Of all the confirmed incident clinical vertebral fractures, 72.7% were also identified by morphometry at the same vertebral level. When the deformity was classified as severe (height loss of at least 30% and 4 mm), 54% of new clinical spine fractures were identified by morphometry at the same vertebral level. Morphometry identified 18.7% of the clinical vertebral fractures with at least 20% and 4 mm height loss but less than 30%. So, 78.3% of women with clinical vertebral fractures also had a morphometric vertebral deformity at the same level; 64.9% of women with clinical fractures had a severe deformity while 13.4% had a mild deformity. Therefore, about one fourth of incident radiographic vertebral deformities were clinically diagnosed at the same vertebral level if they had a height loss of at least 20% and 4 mm height loss. Significantly one fourth of the new clinical fractures did not meet even the most liberal (at least 15% and 4 mm height loss) morphometric deformity criteria.

Underdiagnosis of Vertebral Fractures
Despite the importance of vertebral fractures, there is significant under-diagnosis of compression fractures. Gehlbach et al. [36] reported on the phenomenon in 2000 in a clinical as opposed to a research setting. They used the lateral chest radiograph to identify cases receiving medical care in a population of hospitalized older women. Fractures seen on the chest x-ray films were reviewed in conjunction with the film reports, medical record charts and discharge diagnoses. Readers were instructed to evaluate all vertebral bodies from T2 to L2. The vertebrae were classified as could not be assessed or by a system similar to the Genant semi quantitative assessment system [33••] which also included an assessment of area of the vertebral body.

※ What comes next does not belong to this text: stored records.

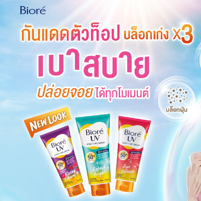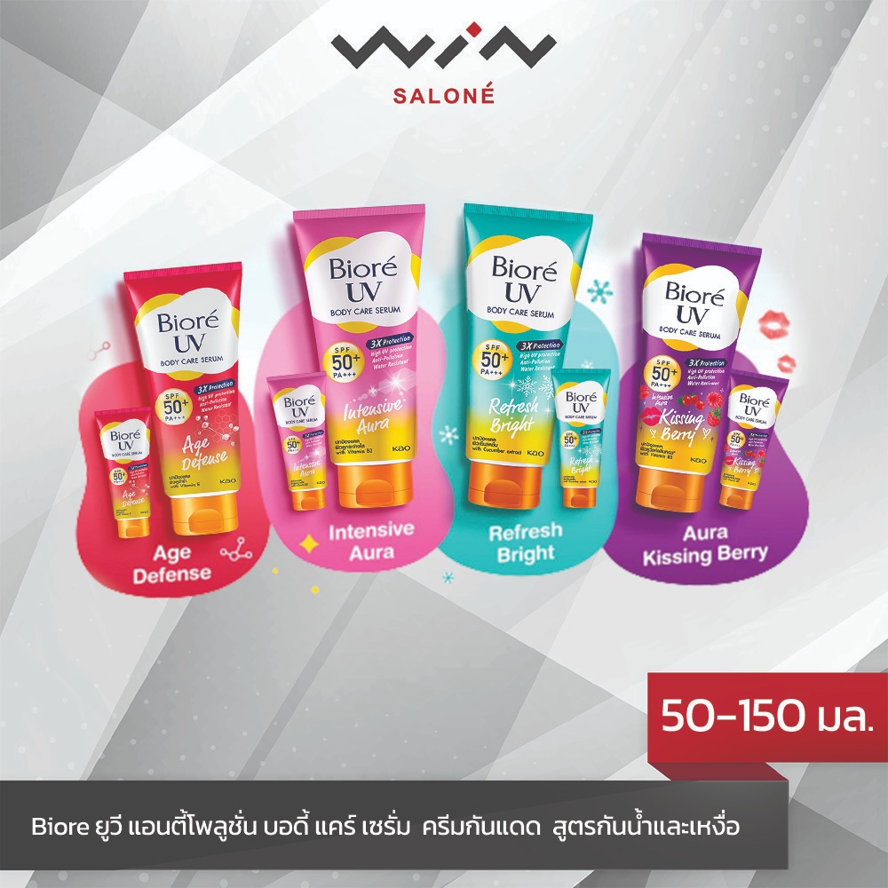 Biore บิโอเร ยูวี บอดี้ แคร์ เซรั่ม 50-150 มล. ครีมกันแดด สูตรกันน้ำและเหงื่อ SPF50+ PA+++โฉมใหม่!!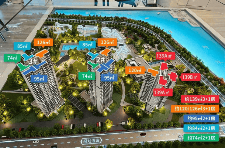 项目一期户型面积74-170㎡,三至四房设计,四开间以上朝南,通透性好。二期户型63-82㎡,小户型使用率最高达107%,在同等面积段中空间感更强。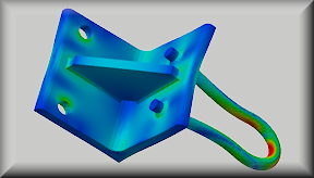 Linear Static Stress Analysis of a Welded Steel Hanger Determine the stress, displacement, and safety factor results of a welded steel hanger supporting a 6 KN downward load. |

All white women aged 60 years or older admitted to a single hospital between October 1, 1993 and March 31, 1997, who had a lateral chest radiograph taken during an admission were eligible to participate. Of those eligible to participate (2450), a sample of 934 individuals were selected for the final analysis. Mean age for study subjects was 75.9 years (range 60 to 97 years). The study found that most thoracic vertebrae were well visualized in the lateral chest radiographs. Vertebral deformities not related to osteoporosis were excluded (Table 1).

Detection-Table1

Results indicated that 132 moderate-to-severe compression fractures based on the Genant semi quantitative assessment system were found in the 934 patients. Eighty-one patients had single moderate-to-severe fracture; 51 had two or more fractures; of the 63 who had severe fractures 49 had single fractures, and 14 had two or more fractures. Of the 132 patients with fractures on their films, only 126 (95%) had radiology reports which could be reviewed. Of these, 65 (52%) mentioned the finding of a vertebral fracture in the narrative body of the report and 29 (23%) had fracture mentioned in the summary impression. Of the 132 patients with moderate-to-severe (grade 2 or grade 3) fractures, 19 (14%) were mentioned in the medical record notes, 11 (8%) were mentioned in the discharge summary, three were the primary diagnosis. Of the 63 with only severe (grade 3) fractures, 13 (21%) were mentioned in the medical record notes, seven (11%) in the discharge summary and only two were the primary diagnosis. Of these severe fractures, only 42 were mentioned in the descriptive radiology report and only 22 (36%) in the summary impression.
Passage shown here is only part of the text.